Records contained in a dataset:
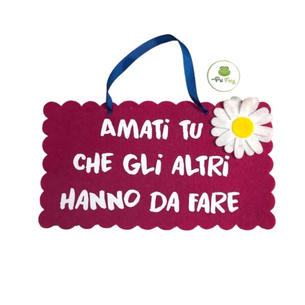 Targhetta artigianale – Fuoriporta in feltro – Dietro porta con scritta “Amati tu che gli altri hanno da fare” –
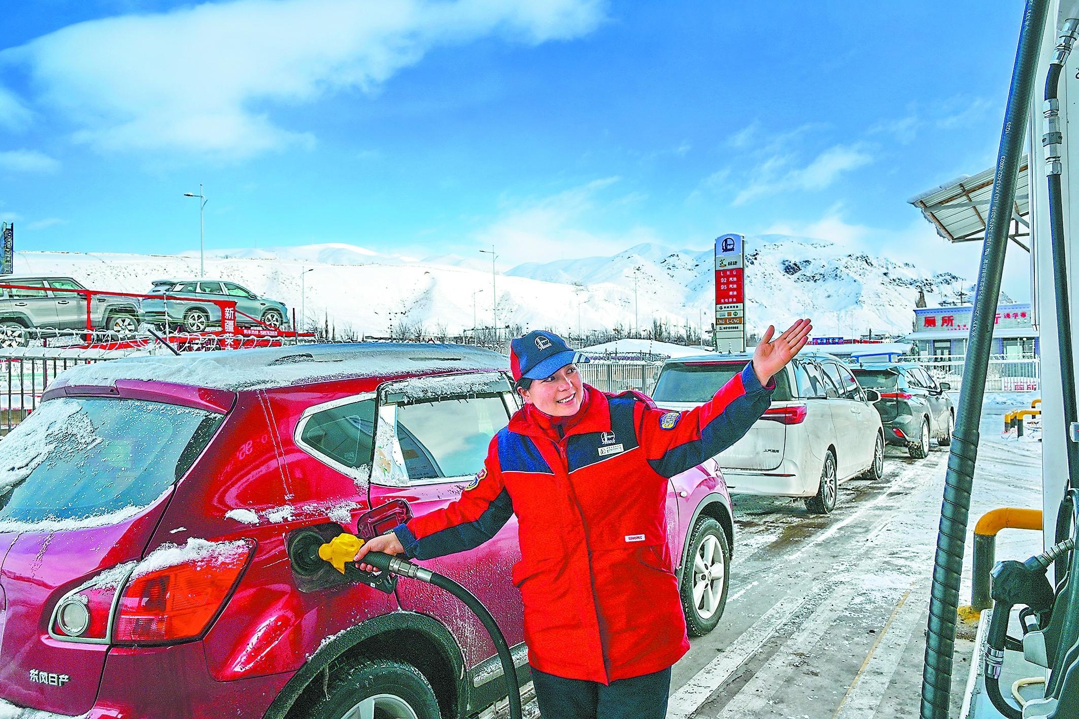 新疆石油积极应对降雪天气,加强能源保供和顾客服务,以热情服务温暖顾客旅途。图为3月1日新疆伊犁石油果子沟加能站员工服务返疆车主。本报记者 胡庆明 摄 毛 杰 孙 筱 文
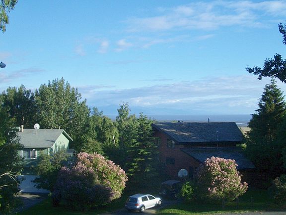 VIEW of Inlet-Utilities Included. Upper unit with private entrance and spectacular inlet view. 3 bedroom (1 is office/bedrm), 2 baths, fireplace, tiled floors, washer/dryer hookup, and single car heated garage. No Smoking - No Pets. Call (907) 240-1828 cell or (907) 248-2508 hm.
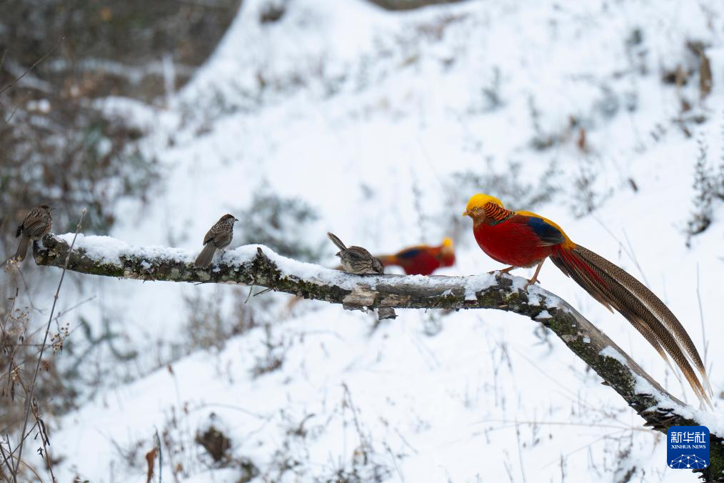 这是1月20日在神农架林区红坪镇温水村拍摄的红腹锦鸡(右)。
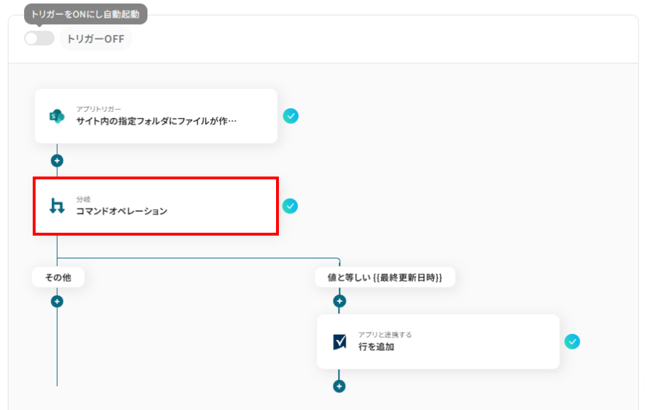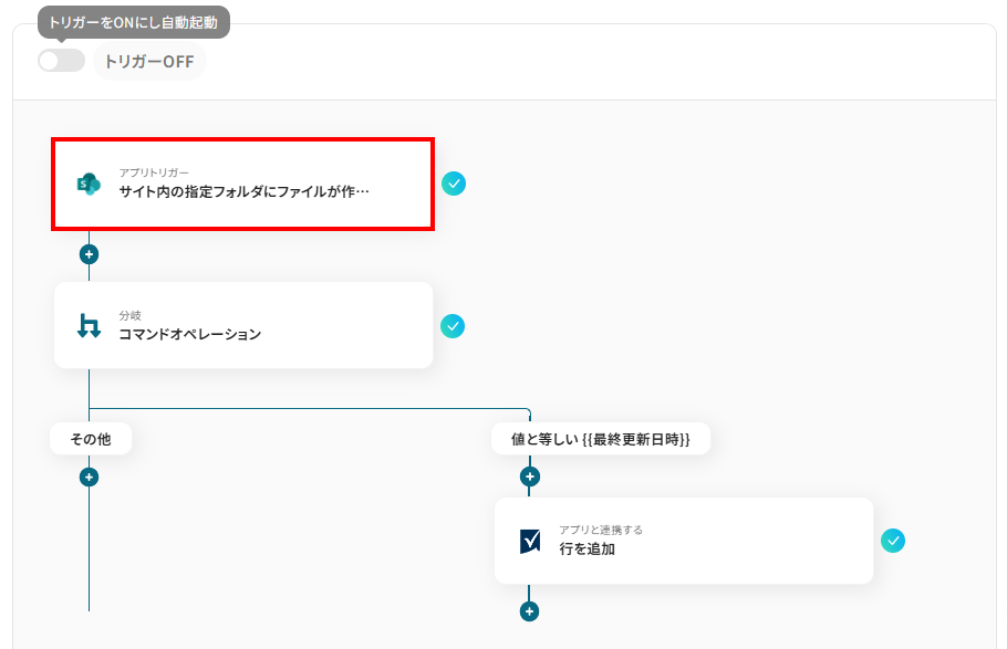 Smartsheetのトリガー設定で、どのシートの行作成を検知するかを任意で設定してください。 Microsoft SharePointのオペレーション設定で、フォルダの作成先となるサイトやライブラリ、またフォルダ名に利用するSmartsheetの情報を任意で設定してください。 ■注意事項
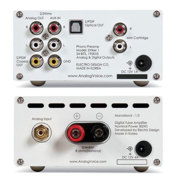 진공관 오디오를 능가하는 디지털 튜브 오디오 기술이라는 것을 적용한 모노블록 파워 앰프는 최고의 음색을 제공하며, 진공관 앰프의 숨겨진 특성을 해석하고 다시 클래스D 앰프에 적용한 것으로 소개되어 있는데, 빈티지 스피커들과 좋은 궁합을 이룬다고 한다. 입력은 아날로그 RCA 단자이며, 출력은 30W(8Ω). 여느 3극관 진공관 앰프의 파워를 능가한다.이 제품을 노트북에 연결해 소리를 울려 보았는데, 상당히 놀라웠다. 이 작은 제품들, 별로 특성이 없어 보일 것 같은 스피커에서 흘러나오는 소리가 매우 특이했기 때문이다. 통상 이런 기기 매칭으로 스피커를 울리면 사운드를 조여서 매우 청아한 쪽으로 튜닝을 하기 때문에 해상도가 좋은가 싶으면 현이나 성악에서 빈약해지거나, 아니면 두툼한 쪽이 되면 대합주곡에서 엉망이 되어 버리고, 피아노나 현 독주가 좀 괜찮다 싶으면 성악 역시 식은 감자처럼 되어 버리기 때문이다.이 제품은 그것을 절묘하게 컨트롤하는데 성공했다는 느낌이 든다. 300B처럼 중역이 두께가 있으면서도 깨끗하고 정확하기 때문이다. 피아노에서 번짐이 전혀 없고, 저역 울림과 고역까지 잔향이 너무도 세밀하고 단정하게 울려 나간다. 성악은 매끄럽고 달콤하다. 보통의 실력기가 아니다. 처음에는 스피커까지 제공된 풀 시스템이라 보급용 저가품으로 잘못 인식을 하기 쉽지만, 들을수록 이 제품은 신비하다.공학적으로 완벽한 최고급 측정기로 만드는 현대 반도체 앰프는 진공관 앰프보다 못한 소리가 난다. 그래서 오디오 기기는 전자 공학이 아닌 음향인지학을 기본으로 설계되어야 한다는 이 원칙에 철저히 근간을 둔 것이 바로 '신공지능' 기술이라는 것이며, 그러한 연구 끝에 만들어진 것이 본 제품이라는 자신감 넘치는 소개가 결코 과장이 아닌 것 같다. '사람은 연속적인 소리를 듣지만, 소리를 접하는 짧은 첫 순간에 소리 특성의 대부분을 파악하게 된다. 이것이 어택 타임(Attack Time)이라고 하는데, 이 시간 동안 소리가 조금 불확실하게 재생되면 우리는 음의 방향 감각을 잃고 만다. 그런데 실제로 모든 스피커에서는 어택 타임 동안 음의 전달이 어느 정도 지연되고 자연 음은 무너진다. 그 이유는 우퍼에 있으며 원인은 우퍼에 삽입되어 있는 큰 인덕터 때문이다. 여기서 소리의 응답이 느려지고 만다. 아날로그 보이스 기술은 바로 이 문제를 해결했다. 수십 년간 축적된 노하우에 의해 이뤄진 스피커와 앰프의 환상적인 조화를 통해 정확한 어택 타임에서의 응답을 이끌어낸 결과 빈티지와 같은 시원한 소리, 깨끗한 소리, 아름다운 목소리, 힘 있는 저역, 장엄하고 경쾌한 소리…'이런 제작사의 안내문이 결코 상술로 만들어진 것만이 아니라는 것은 들을수록 특이한 매력이 이 시스템에서 우러나오기 때문인데, 참 좋은 시절이 되었다. 몇 사람의 각고의 노력으로 이제 국내에서도 결코 비싸지 않은 가격으로 이런 소리를 듣게 되었다. 이제 조금만 열린 가슴이 된다면 이런 제품이 기꺼이 시장을 지배하리라 생각하며, 개발자의 노고에 갈채를 보낸다. 우리 오디오 시장에 다시 훈풍이 돌아온다면 바로 이런 제품들의 기여 때문일 것이며, 분명히 그런 날이 오리라 믿어 마지않는다.
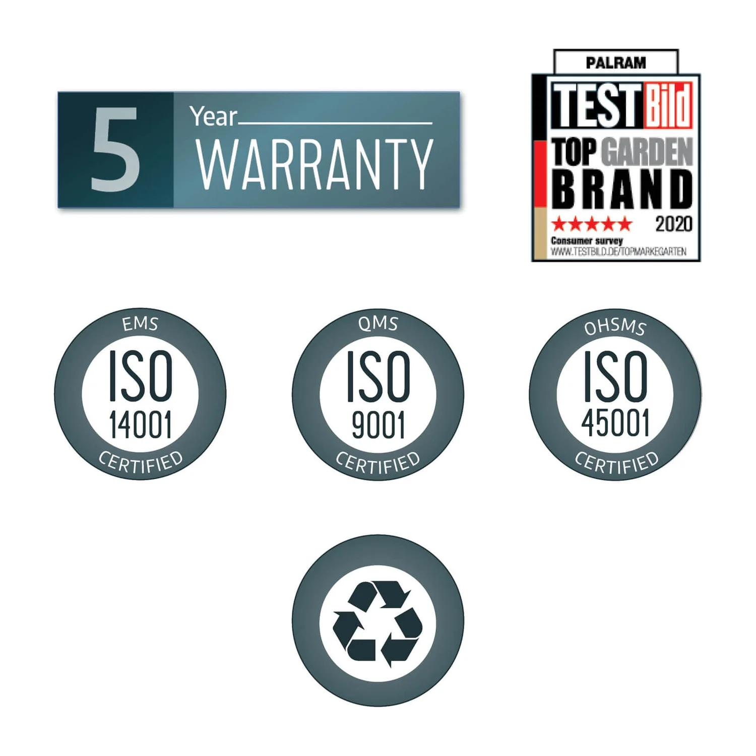 - Sturdy, grey powder-coated aluminium frame provides a highly durable, rust resistant and rigid structure
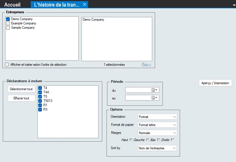 Utiliser l’Historique des transmissions par voie électronique pour produire des rapports indiquant les types de feuillet transmis électroniquement à l’ARC ou à Revenu Québec, ainsi que les dates de transmission et les confirmations de transmission de l’ARC ou de Revenu Québec.
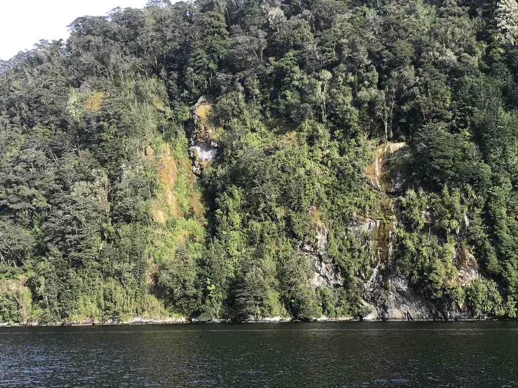 On approach to the … water pipe in the trees, below a steep tree-covered cliff, we observed that a large motor boat was already tied up at the cliff. Once we were withing talking distance, the skipper (John) explained that they were a charter vessel out of Dunedin, with passengers flying in and out by helicopter at designated spots; including Cascade Basin and Chalky Inlet.
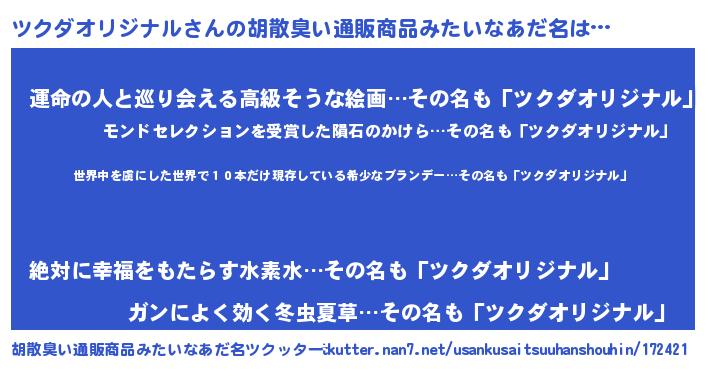 | 意味不明あだ名 | 『住所不定無職ツクダオリジナル(91歳)』 |
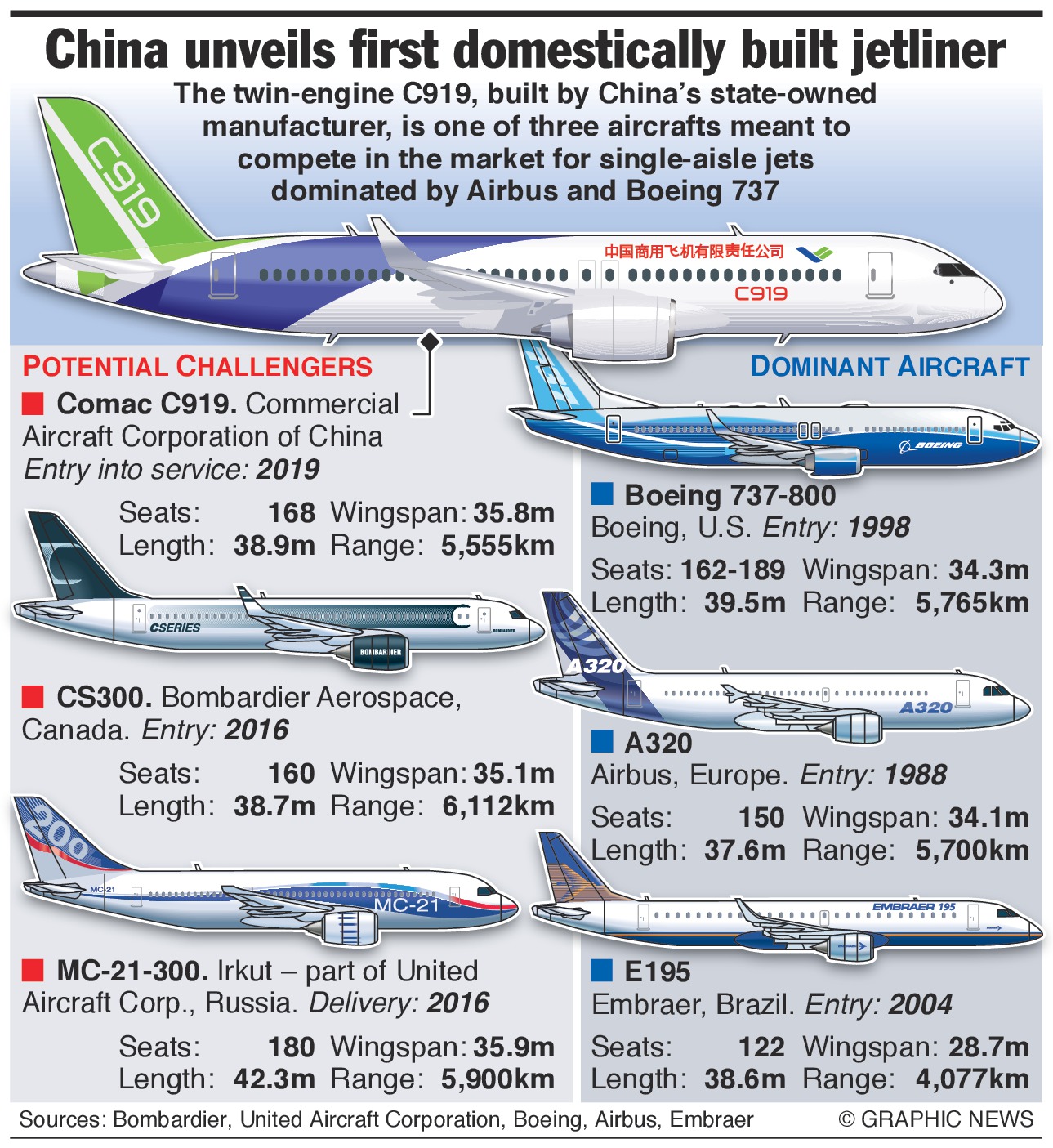 A kínai polgári légügyi hivatal (CAAC) közel félmilliárd légiutast regisztrált a múlt évben. Ez a 2015-ös bázishoz képest 12% növekedés. Elemzők szerint 2030-ra Kína lehet a legnagyobb belső légipiaccal rendelkező ország. A Boeing saját prognózisa szerint ugyanakkor a következő 20 évben 5100 db középhatótávolságú egyfolyosós repülőgépet vesz fel a jelenleg 55 légitársaságból álló vásárlóerő.

• _Work to be completed_: Your copy should hold exactly the lines from the line bearing "- Sturdy, grey" through the end of the data, both included, and no pictures or anything further.

• _Result of the task_:
 - Sturdy, grey powder-coated aluminium frame provides a highly durable, rust resistant and rigid structure
 Utiliser l’Historique des transmissions par voie électronique pour produire des rapports indiquant les types de feuillet transmis électroniquement à l’ARC ou à Revenu Québec, ainsi que les dates de transmission et les confirmations de transmission de l’ARC ou de Revenu Québec.
 On approach to the … water pipe in the trees, below a steep tree-covered cliff, we observed that a large motor boat was already tied up at the cliff. Once we were withing talking distance, the skipper (John) explained that they were a charter vessel out of Dunedin, with passengers flying in and out by helicopter at designated spots; including Cascade Basin and Chalky Inlet.
 | 意味不明あだ名 | 『住所不定無職ツクダオリジナル(91歳)』 |
 A kínai polgári légügyi hivatal (CAAC) közel félmilliárd légiutast regisztrált a múlt évben. Ez a 2015-ös bázishoz képest 12% növekedés. Elemzők szerint 2030-ra Kína lehet a legnagyobb belső légipiaccal rendelkező ország. A Boeing saját prognózisa szerint ugyanakkor a következő 20 évben 5100 db középhatótávolságú egyfolyosós repülőgépet vesz fel a jelenleg 55 légitársaságból álló vásárlóerő.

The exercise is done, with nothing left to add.